As pointed out by the other commenters, Cruithne doesn't orbit the Earth, but orbits the Sun with the in 1:1 resonance with the Earth. Its orbit is highly elliptical: at perihelion it's closer than Mercury, and aphelion further than Mars. Much of the time it's actually on the other side of the Sun to us. Here's a couple of gifs of its orbit:
The yellow kidney bean orbit depicted only takes a year, but it doesn't actually form a loop, and the kidney bean moves gradually away from the Earth around the blue circle. When it goes almost all the way around, it's going to start going back in the opposite direction. 770 years is the time it takes for the yellow orbit to traverse the blue orbit once in each direction.
Not only does it not orbit the earth in any physically meaningful sense - it doesn't even trace a shape that goes around the earth, which is annoying because I'm pretty sure I've told people that it did.

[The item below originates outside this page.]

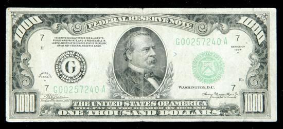 1934-A, $1000 Federal Reserve Note. . Fr-2212-G. Split and repaired. Good to Very Good.

Is 1:1 really a resonance though? Any object with a similar semimajor axis will enjoy this orbital period, so it could just be a spatially defined coincidence.
Earth actually has a few better quasi-satelites. (164207) 2004 GU9, (277810) 2006 FV35, 2014 OL339 [1][2][3] these are very small bodies typically ~100-300 meters by 50-200 meters.
That also orbit in 1:1 resonance with the earth, their orbits are less eccentric (not sun diving), meaning they can be reached with relatively very low D-V requirements on the order of 11-13km/s, also incredibly weak gravity of their own. (This doesn't count trojan bodies that orbit Earth/Sun L4/L5 points, which have been observed [5]).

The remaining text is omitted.